The Punch and Judy Murders (also published under the title The Magic Lantern Murders) is a mystery novel by the American writer John Dickson Carr (1906–1977), who published it under the name of Carter Dickson.  It is a whodunnit and features the series detective Sir Henry Merrivale.

Plot summary
Kenwood Blake, introduced in the previous Sir Henry Merrivale mystery The Unicorn Murders, is about to marry a former British Secret Service operative, Evelyn Cheyne, when he is sidetracked by an urgent telegram from Sir Henry asking him to come to Torquay to play an undercover role under an alias he had used in World War 1, "Robert Butler".

Paul Hogenauer, a German polymath with many skills and interests, has aroused the suspicion of Sir Henry and Colonel Charters, the Chief Constable of the county by his recent interest in ghosts and spiritualism.  Sir Henry and Colonel Charters feel that anti-British espionage may underlie recent events, and they suspect the involvement of a German spy known only as L.

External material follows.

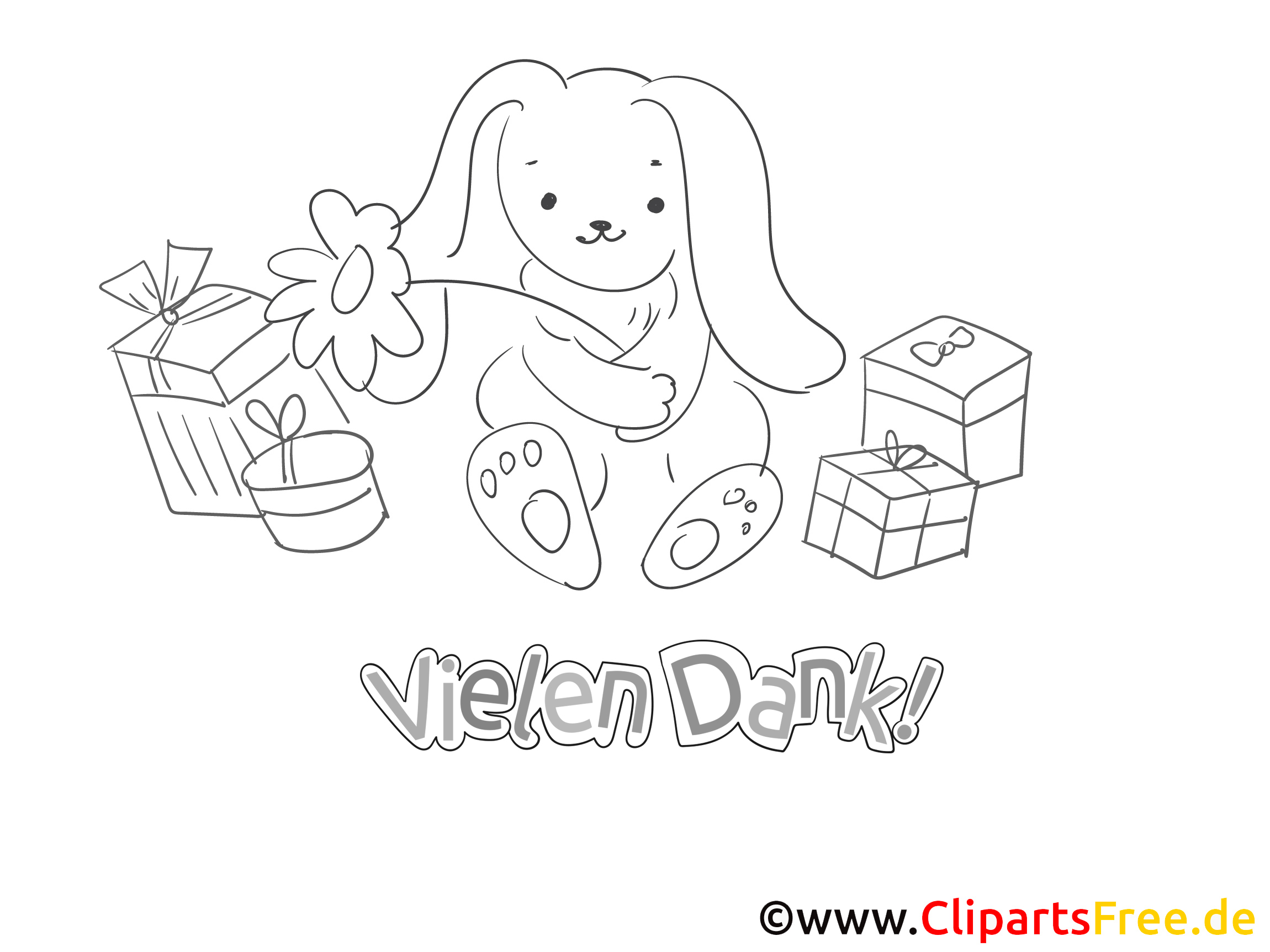 Schau dir das süße Bild an! Ein fröhlicher Hase sitzt da, mit großen Ohren und einem lächelnden Gesicht. In seiner Hand hält er eine bunte Blume, die fast lebendig wirkt. Um ihn herum stehen hübsche Geschenke, die alle verschiedenen Formen und Farben haben. Eines der Geschenke hat eine kleine Schleife, die zauberhaft aussieht. weißt du, Und ganz wichtig: Der Hase sagt „Vielen Dank!“. Ein wirklich liebevolles Motiv, das Freude verbreitet.

A police officer observing Hogenauer's house reports "the room was dark, but that it seemed to be very full of small, moving darts of light flickering round a thing like a flower-pot turned upside down."  Blake, as Butler, drives Sir Henry's car to Hogenauer's house and is promptly arrested—to his great surprise, Sir Henry and Colonel Charters disavow any knowledge of his actions.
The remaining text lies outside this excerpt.